In this project, we argue that the dangers from AI require more than regulations by governments. Every sector of the economy and society is or will be affected by AI. Social institutions must harness the opportunities AI offers for human progress while mitigating or preventing the dangers the technology poses. We envision a set of actions across the public and private spheres of this nation in coordination with initiatives from other countries. Specifically, we discuss the unique position of higher education institutions in the effort to abate potential harms.
We propose several postsecondary educational strategies, which we subsume under the label HEART AI (Human-centric, Ethically Aligned, Reliable, and Trustworthy AI). The strategies will technically educate, socialize, and provide ethical AI literacy to undergraduate and graduate students who will be the next generation of AI users and developers.
Higher education is a critical public sector institution whose contributions to addressing and/or mitigating the current and future challenges of AI can be instrumental to the struggle against resurgent authoritarianism. We propose that universities develop educational programs and curricula that increase students’ capacity to become AI literate across the life course, with different objectives and strategies for different postsecondary student populations. Common to all university responses must be educational curricula that increase both the diversity and the HEART AI capacities of the population that engages with AI— including users, developers, and disseminators (Maher and Tadimalla, 2022).
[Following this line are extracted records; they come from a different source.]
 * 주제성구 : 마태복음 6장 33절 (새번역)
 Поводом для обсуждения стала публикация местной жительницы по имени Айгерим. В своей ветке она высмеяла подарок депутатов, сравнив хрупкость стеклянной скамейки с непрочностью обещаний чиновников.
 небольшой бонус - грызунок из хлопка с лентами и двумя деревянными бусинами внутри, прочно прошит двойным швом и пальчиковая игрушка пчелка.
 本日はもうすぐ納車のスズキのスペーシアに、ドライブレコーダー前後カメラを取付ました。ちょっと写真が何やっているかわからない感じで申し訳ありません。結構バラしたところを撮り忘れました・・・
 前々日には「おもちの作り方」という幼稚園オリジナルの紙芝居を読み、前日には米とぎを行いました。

The essential goal of a comprehensive curriculum for AI Literacy is that all students develop critical thinking skills to assess the benefits and limitations of using AI based on a foundation of AI technical literacy contextualized by the tenets of HEART AI. The table (Right) presents an elaboration of the components of HEART AI. A comprehensive curriculum in AI Literacy ensures that all students acquire the intellectual and technical tools to critically analyze the potential benefits, as well as assess the tool’s limitations, including AI’s potential use by neo-authoritarians and other bad actors.
Sources: Bricout, et al., 2022; Evans, et al., 2021; Hacker, 2018; Houser, 2019; Mantelero, 2018; Sigfrids, et al., 2023; Taeihagh, 2021).
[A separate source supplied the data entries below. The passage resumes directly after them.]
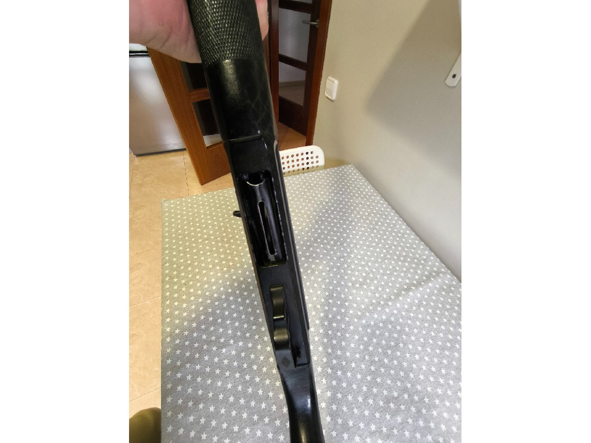 En Barcelona vendo escopeta repetidora Benelli Premium Superligera. Pintada de camuflaje técnico con rozaduras tenues de uso que le dan carácter al camuflaje, en perfecto estado mecánico y interior del cañón cilíndrico, con punto de mira en mitad de la banda y un polichoke extraíble de 4* recámara Magnum 3".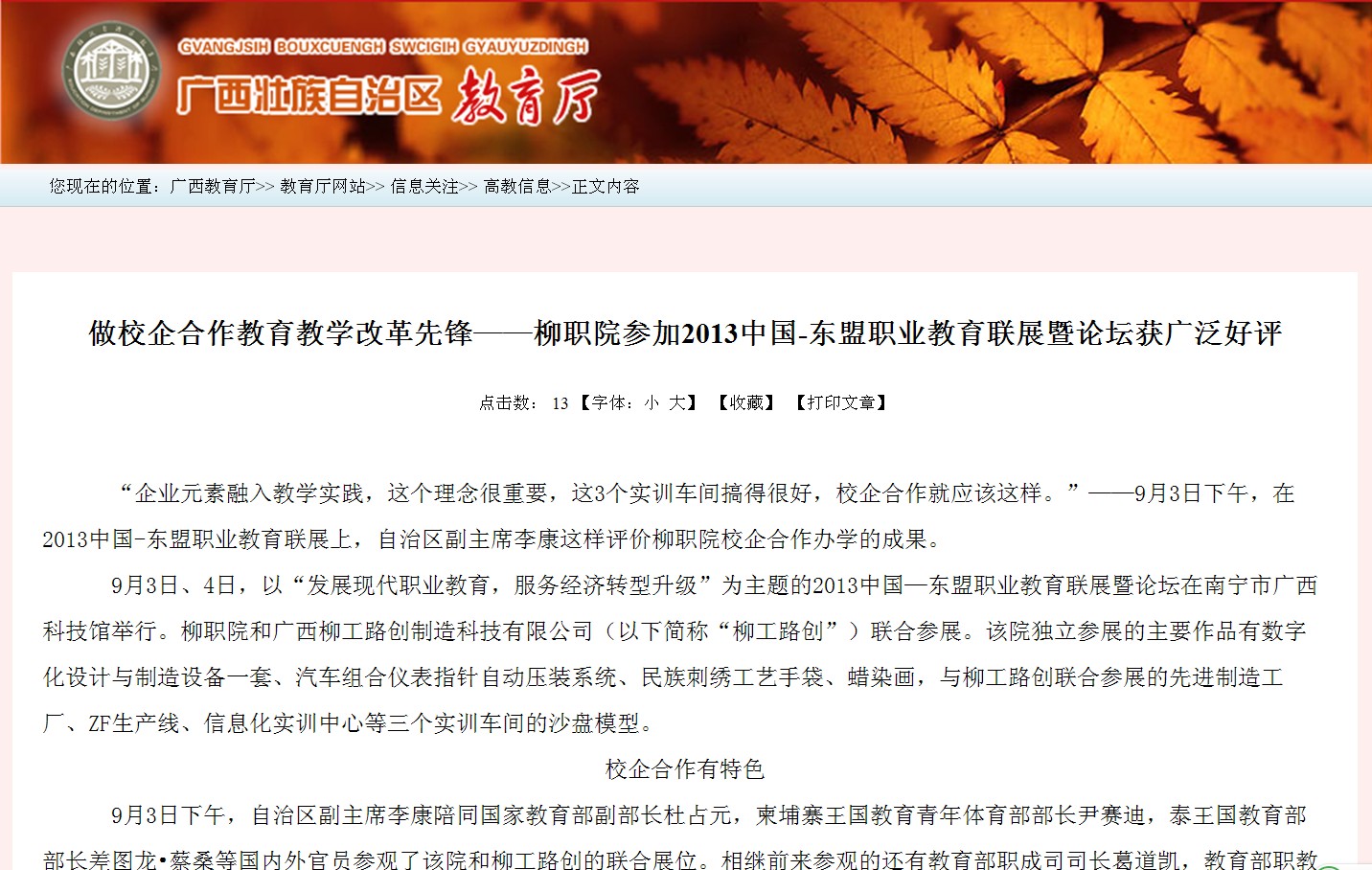 广西教育厅网站发布我院参加2013中国-东盟职业教育联展暨论坛获广泛好评的信息 来源:柳州职业技术学院新闻网 作者:崔智慧 编审: 发布时间:2013-09-09 浏览次数: 次 【字体:小 大】 分享到: 2013年9月9日,广西教育厅网站发布我院参加2013中国-东盟职业教育联展暨论坛获广泛好评的信息。(崔智慧) 信息截图 关闭 打印正文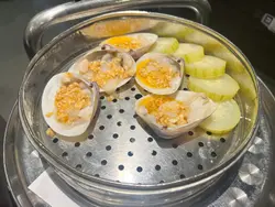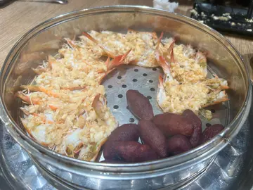 人均约$300 新鲜足料的自选蒸海鲜套餐我们点了龙虾及蚬套餐6款配料方便选了海边虾,鲍鱼,扇贝,虾滑酿翠玉瓜及鱿鱼肠粉全部也可以自选不同的烹调方法店员会帮忙烹调并负责计时坐着等待便可以吃压轴的蒸饭也可以自由选择8款配料我们选了牛舌,虾酱猪颈肉,蒜香排骨,土鱿丝,粟米,芋头,鸡软骨肉饼非常好吃又特别! 满足的一餐!查看更多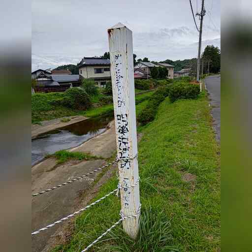 明後沢川の所で、明後沢遺跡の案内標柱があります。古瓦が出土するそうです。

The development of AI systems necessitates a focus on ensuring its safety to combat data poisoning, algorithmic unfairness, unexplainable machine learning, gender, race/ethnic, and other biases (ETO, 2024). These efforts are consistent with HEART AI.
Trustworthiness refers to the embedding of ethical principles and human-centered values in the development and dissemination of AI systems, ensuring transparency, fairness, and accountability throughout the system’s life cycle.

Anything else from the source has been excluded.